No presente momento, uma parte substancial das questões de interpretação e aplicação daquelas alterações têm vindo a colocar-se quanto ao Regime Jurídico da Urbanização e Edificação (RJUE), peça estruturante da gestão urbanística municipal.
De facto, de há muito que se vem reclamando uma simplificação procedimental neste domínio: é necessário relembrar que a simplificação é um propósito que acompanha o RJUE desde a sua origem. Neste sentido, o Decreto-Lei n.º 10/2024 continua a trilhar o caminho – cuja eficácia e adequação à nossa prática municipal nunca foram verdadeiramente demonstradas – da substituição do princípio da autoridade pública pelo princípio da autoresponsabilização dos particulares, princípio que tem levado, por um lado, à perda de relevo as tradicionais formas de atuação da Administração, através da utilização de figuras autorizativas (como as licenças e as autorizações, cujo procedimento finda com a prática de um ato administrativo, em regra de natureza permissiva, que se configura como um requisito indispensável para a execução do peticionado) e, por outro lado, a que ganhem terreno novos instrumentos de controlo administrativo que já não dependem necessariamente da prática de um ato administrativo, mas que, ainda assim, impõem à entidade pública a verificação do cumprimentos das normas legais e regulamentares aplicáveis ao projeto: o caso das meras comunicações prévias [n.º 1 do artigo 134.º do Código do Procedimento Administrativo (CPA)] e das comunicações prévias com prazo (n.ºs 2 e 3 do mesmo artigo).

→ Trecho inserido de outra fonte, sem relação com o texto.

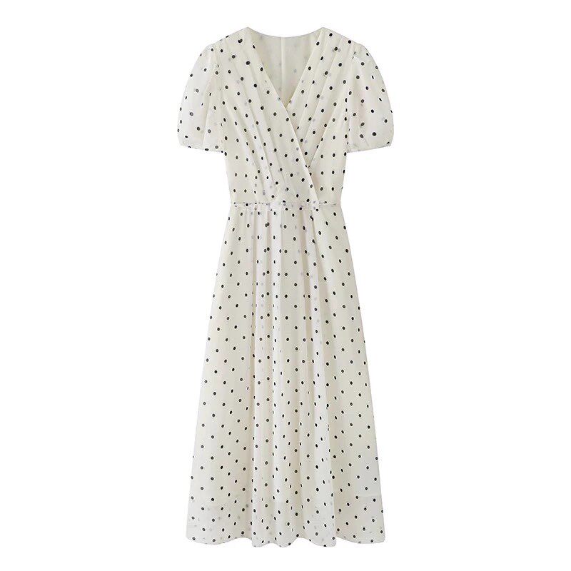 连衣裙 夏季女装新款V领波点印花系带收腰显瘦中长款轻薄中长裙子

Do mesmo passo, é também compreensível que, tendo em consideração aquele desiderato, o legislador tenha ampliado o leque de isenções de controlo municipal, como de facto, e de forma relevante, o veio a fazer no âmbito do Simplex Urbanístico.

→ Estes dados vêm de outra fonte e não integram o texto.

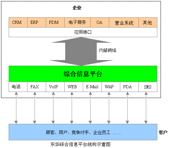 東華集團綜合信息平臺系統(tǒng)可集中企業(yè)客戶服務的優(yōu)勢資源,采用人工業(yè)務代表服務與自動語音服務相結合的形式,通過電話、Email、Web、尋呼、IP電話/傳真、視頻、段消息等接入方式和服務手段,向客戶提供業(yè)務受理、信息查詢、商品定購服務,以及接受客戶的咨詢、建議及投訴,也可以通過主動撥出做社會調查、市場調查、商品直銷及資費欠費催繳等。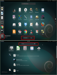 Se puede acceder al menú de aplicaciones de 2 formas distintas: (1) Desde el botón "mostrar aplicaciones" en el panel lateral drch. Nos mostrará la lista de todas la aplicaciones instaladas. Además abajo del todo aparecen dos botones donde podemos ver las "frecuentes" o "todas". (2) Desde el buscador que se encuentra en el escritorio, basta con el escribir el nombre la aplicación y nos muestra el listado de programas que contiene ese nombre.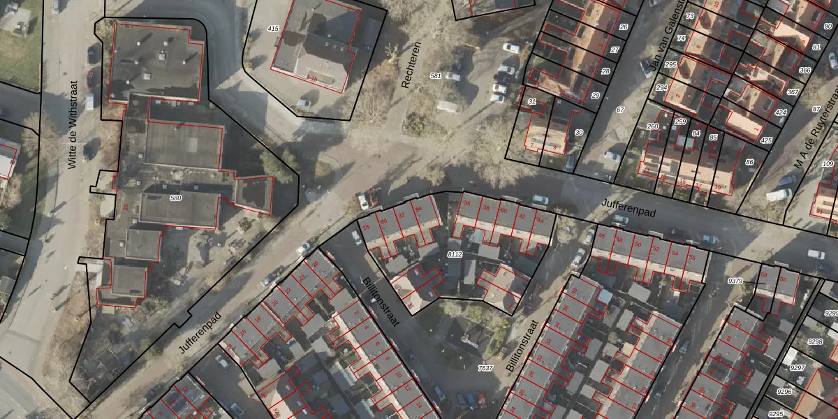 Het perceel waarop Jufferenpad 34 staat heeft een oppervlakte van 966 m². Dit is een groot perceel. De perceeloppervlakte wordt geregistreerd door het Kadaster. Gedetailleerde informatie over de maten van dit perceel kunt u vinden in het rapport Kadastrale kaart met maatvoering van Jufferenpad 34.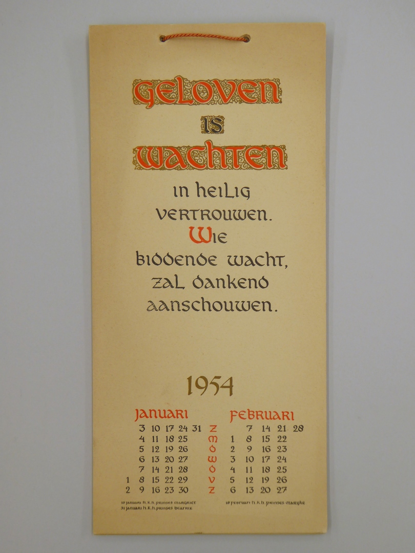 Kalender met gekalligrafeerde teksten uit bijbel of van bekende theologen

Se estas simplificações são bem vistas, parece-nos que elas não foram inicialmente bem entendidas pelos técnicos e promotores imobiliários. Com efeito, ao contrário da perceção inicial, estas modificações não trouxeram consigo uma liberalização das operações urbanísticas (que passariam a poder ser realizadas “em quaisquer condições” definidas pelos interessados), uma vez que, mesmo que o controlo municipal para a execução da operação urbanística seja menos intenso ou não ocorra de todo, mantém-se sempre a vinculação ao cumprimento de todas as normas legais e regulamentares aplicáveis (responsabilizando projetistas e promotores que as violem), bem como a possibilidade da sua fiscalização (pelos municípios ou outras entidades competentes para o efeito).
Por seu lado, se na relação do interessado com a Administração, a simplificação passa a ser o cenário normal – seja por se aumentar o leque das isenções, seja por o silêncio da administração passar a valer sempre como deferimento do pedido, seja por a execução de muitas operações não depender de atos administrativos ou de alvarás, apenas para referir algumas soluções –, a segurança jurídica passa a ser menor – torna-se mais difícil, sobretudo para com terceiros (entidades bancárias, potenciais adquirentes que exijam, para comprar, mais segurança, arrendatários, etc.), comprovar que as operações urbanísticas podem legalmente ser levadas a cabo. Neste domínio as soluções encontradas (quer na lei quer nas Portarias de regulamentação) merecem-nos maiores reservas, necessitando de ajustamentos. Assim, se o propósito do legislador não nos merece, em geral censura, já algumas soluções específicas precisam de ser ainda “trabalhadas” para poderem fazer sentido e contribuir para a melhoria das práticas de todos os envolvidos na gestão urbanística. E é sobretudo aí, isto é, nas (más) práticas instituídas, que ainda há muito para alterar. É aí que está o grande desafio, porque práticas e mentalidades não se mudam por decreto.